If anyone needed convincing that the pandemic would turbo-charge sales at America’s largest tech firms and send profits soaring, this week’s quarterly results defied the doubters.
Apple, Microsoft and Google owner Alphabet have reported profits for the most recent three-month period of such stratospheric proportions they put the banks, entertainment firms and healthcare businesses in the shade. Facebook and Amazon are poised to report their own stellar performances before the weekend.
Alphabet doubled its profits from the same period last year. Microsoft reported a 21% increase in revenues and the Windows software maker took its stock market valuation to $2tn (£1.4tn), a figure that is now heading towards the UK’s annual income, or GDP, of $2.8tn.
With size comes power. Much of the focus recently has been on the use of tax havens by tech firms to avoid paying corporation tax on their super-profits.
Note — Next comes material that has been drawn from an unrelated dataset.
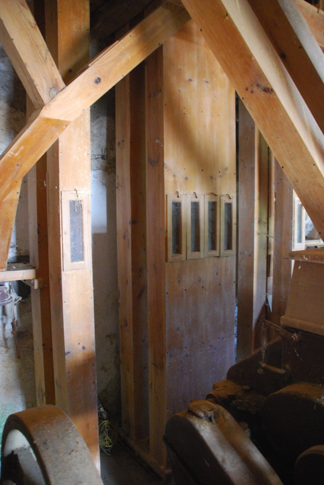 Canvas conveyor belts carried the ground grain through the wooden ducts to the upper floor.

A scheme put together by the Organisation for Economic Development & Cooperation (OECD) to make digital services companies pay a minimum 15% level of corporation tax is a welcome development.
It should be in place by 2023, though a final agreement later this year among the G20 countries and a wider group of more than 130 from every region is not set in stone after a rearguard action by low-tax countries including Ireland and Hungary.
What is less discussed is how the tech giants use their size and lobbying power to dominate markets and lock in high prices.
Economists in the US have fretted about the high cost of monopoly capitalism as it now manifests itself in the digital sphere.
US policymakers of every stripe have weighed up the benefits of hosting world beating corporations – ones that are in part successful because they enjoy a light-touch system of regulation – against the high cost of their dominance at home where consumers inevitably pay some sort of price for that corporate success.
In the twilight years of the Obama presidency, it seemed that political flag waving by Democrats and Republicans for Silicon Valley might be over. That was until China became Congress’s chief enemy and it was clear the Russians were using cyberwarfare as a political weapon.
These days the large digital firms seem to have the same kind of power as cold war defence contractors, which could name their price when asked to provide sophisticated support to government departments.
The EU has made clear that anti-trust laws – ones that seek to restrict monopoly power and promote the rights of consumers – come first during long battles with Microsoft and Google. In April, the European Commission accused its latest target Apple of gouging app developers by charging a 30% fee for selling through its online store, a fee it said was passed on to consumers in higher prices.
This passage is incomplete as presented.